Towards Linguistically-informed Representations for English as a Second or Foreign Language: Review, Construction and Application
A new annotated dataset treats non-native English as its own linguistic system, not just broken grammar — potentially improving AI language tools for billions of learners.

The Thesis
Roughly 1.5 billion people use English as a second or foreign language, yet most AI language tools are built assuming native-speaker norms. This paper argues that non-native English — called ESFL, for English as a Second or Foreign Language — is a coherent linguistic system with its own patterns, not merely a corrupted version of standard English. The authors build a hand-annotated dataset of 1,643 sentences that maps how grammar and meaning connect in non-native English, using a framework called Construction Grammar, which treats recurring form-meaning pairings (for example, the way a learner might say 'I am agree' to express agreement) as the fundamental building blocks of language. The catch is scale: 1,643 sentences is small by modern NLP standards, and the paper is primarily a resource-construction and pilot study, not a deployed system.
Catalyst
Large language models trained predominantly on native-speaker text have made the performance gap for non-native users more visible and commercially consequential.

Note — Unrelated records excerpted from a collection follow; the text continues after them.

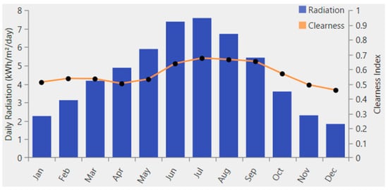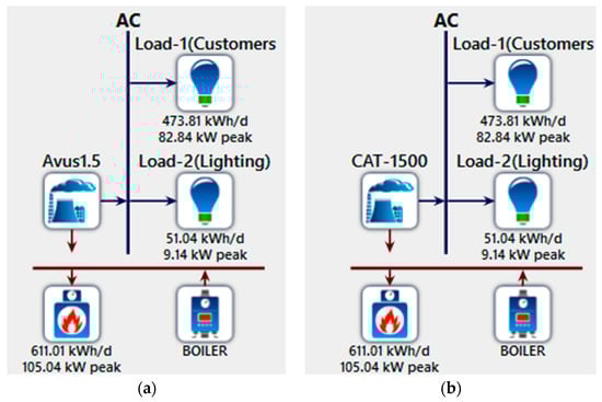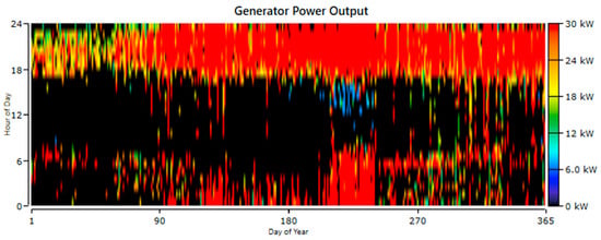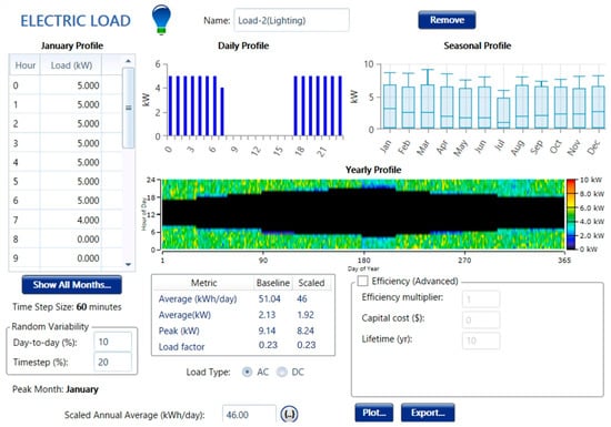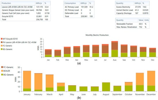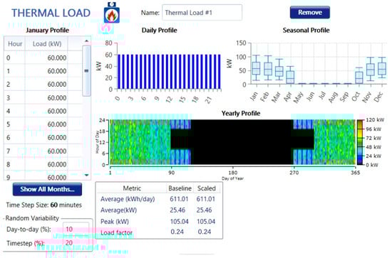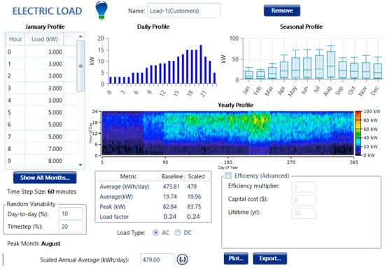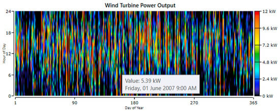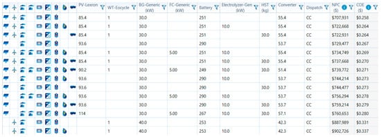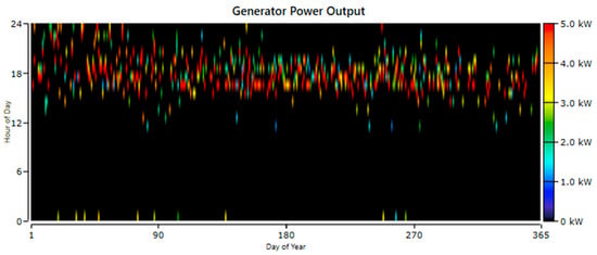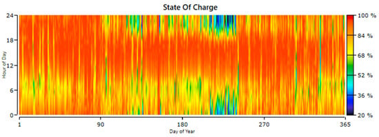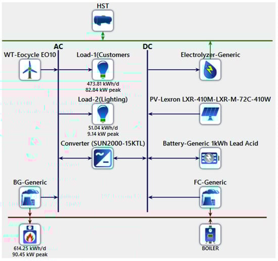 17], an off-grid system based on RESs was designed and optimized using HOMER Pro to meet the heat and electricity needs of a household. The results indicated that a system consisting of a 3 kW WT, a 3.35 kW PV panel, a 2.9 kW FC, a 6 kW BSS, a 4.2 kW electrolyzer, and a 40 kg HTS can meet a household’s electricity and thermal energy demands throughout the year.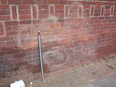 Trying to paint out Graffiti tags on face brick is often not an effective method of removing Graffiti. Very often the colour will not match the face brick and the Graffiti shadow will most likely resurface. In instances where face brick has been painted in order to cover Graffiti, the problem is worsened and the cost to restore the wall to it's original Graffiti and paint-free condition is substantial. (Image C) |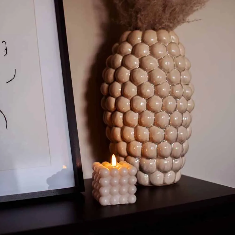 Kaunis kuutionmallinen LED-kuplakynttilä beigen sävyssä.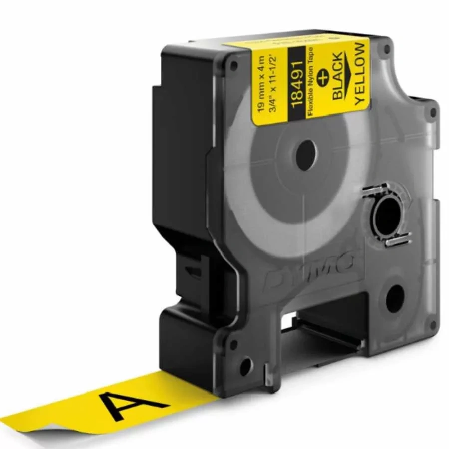 DYMO RhinoPRO 18491 Sarı/Siyah Esnek Naylon Şerit 19 mm x 3,5 mt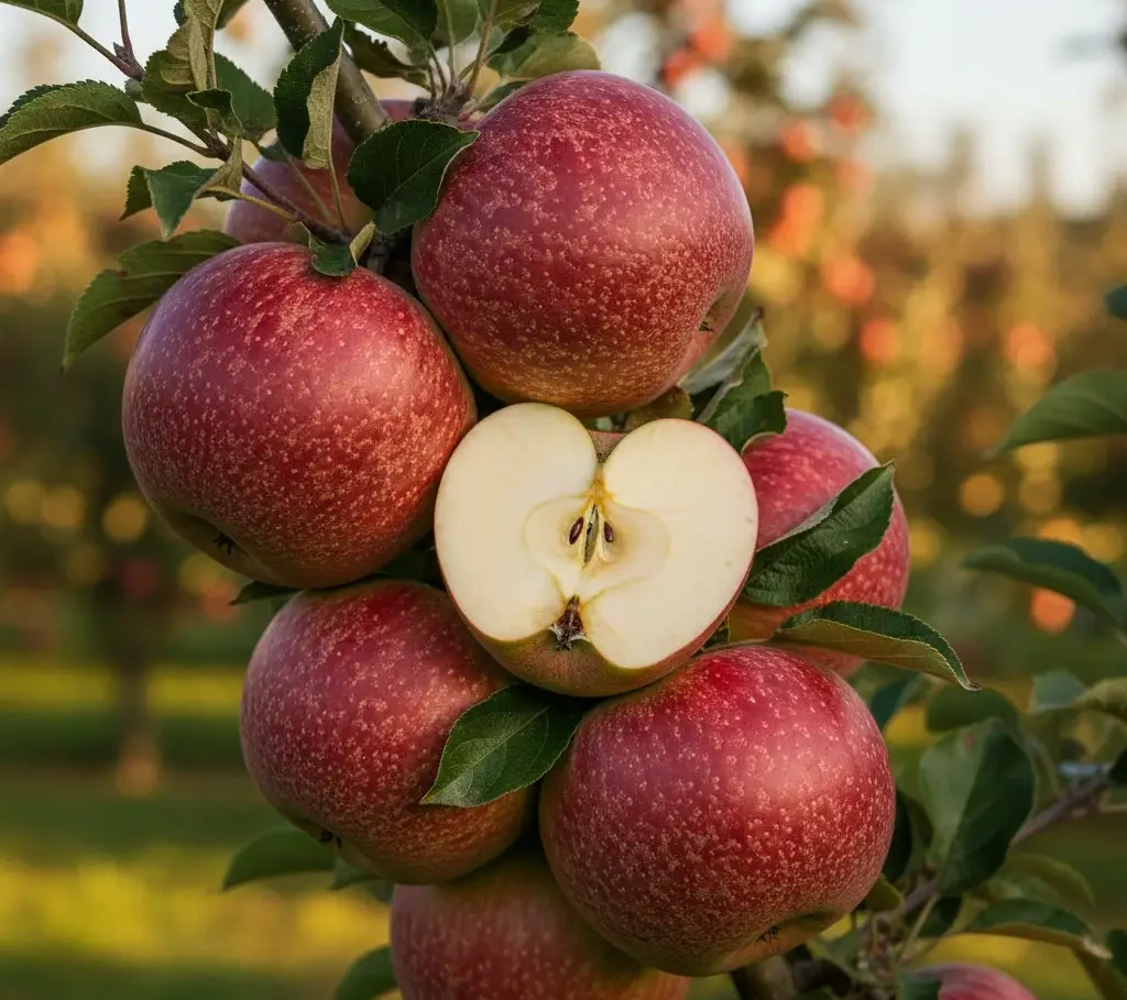 ✔️ Owoce duże, ordzawione, z intensywnym czerwonym rumieńcem.

Simultaneously, the field of Second Language Acquisition research has developed richer theoretical frameworks — particularly Construction Grammar — that give researchers principled tools for annotating learner language rather than just flagging errors. These converging pressures created demand for a structured, theoretically grounded dataset that simply did not exist before.
What's New
Prior learner corpora — collections of non-native writing such as the Cambridge Learner Corpus — were mostly annotated for surface errors (wrong verb tense, missing article) without modeling the underlying syntax-semantics relationship. That approach treats learner language as deficient native English rather than as a system in its own right. This paper instead applies Construction Grammar annotation, capturing the form-meaning mappings unique to ESFL and enabling research questions about how learners' linguistic patterns differ structurally, not just superficially.
The Counter
A dataset of 1,643 sentences is too small to train or meaningfully fine-tune any modern language model — for context, even modest NLP benchmarks run to tens of thousands of examples. The paper is largely a theoretical framework and annotation exercise, with the 'pilot study' testing the Linguistic Niche Hypothesis being exploratory rather than confirmatory. Construction Grammar, while intellectually appealing, is a contested theoretical framework with limited uptake in mainstream NLP precisely because its categories are hard to annotate consistently at scale. There is no evidence here that models trained or evaluated on this resource would outperform current systems on any practical task like grammar correction or language tutoring. The gap between a gold-standard academic resource and a commercially deployable product for ESFL learners remains enormous, and better-resourced teams at companies like Duolingo or Grammarly are already building large proprietary learner datasets without publishing them.
Longs
- DUOL (Duolingo) — direct exposure to AI-powered ESFL instruction tools
- CHGG (Chegg) — writing and tutoring services for non-native English students
- COUR (Coursera) — large non-native English learner base on platform
Shorts
- Generic grammar checkers (e.g., traditional Grammarly rule engine) — flagging ESFL as 'wrong' rather than understanding it structurally becomes a product liability as users demand more nuanced feedback
- Standard benchmark providers — leaderboards built on native-English test sets systematically undercount model quality for the majority of real-world English users
Enablers (Picks & Shovels)
- Universal Dependencies — open annotation standard that this work builds on and extends
- spaCy / Stanza — open-source NLP pipelines used to process and tag learner text
- Cambridge Learner Corpus and similar existing learner corpora — the raw material prior datasets drew from
Private Watchlist
- Quill.org — grammar and writing tools for learners
- Elsa Speak — AI pronunciation and fluency coaching for non-native speakers
- Grammarly — already serves large non-native user base, research could inform product
Resources
The Paper
The widespread use of English as a Second or Foreign Language (ESFL) has sparked a paradigm shift: ESFL is not seen merely as a deviation from standard English but as a distinct linguistic system in its own right. This shift highlights the need for dedicated, knowledge-intensive representations of ESFL. In response, this paper surveys existing ESFL resources, identifies their limitations, and proposes a novel solution. Grounded in constructivist theories, the paper treats constructions as the fundamental units of analysis, allowing it to model the syntax--semantics interface of both ESFL and standard English. This design captures a wide range of ESFL phenomena by referring to syntactico-semantic mappings of English while preserving ESFL's unique characteristics, resulting a gold-standard syntactico-semantic resource comprising 1643 annotated ESFL sentences. To demonstrate the sembank's practical utility, we conduct a pilot study testing the Linguistic Niche Hypothesis, highlighting its potential as a valuable tool in Second Language Acquisition research.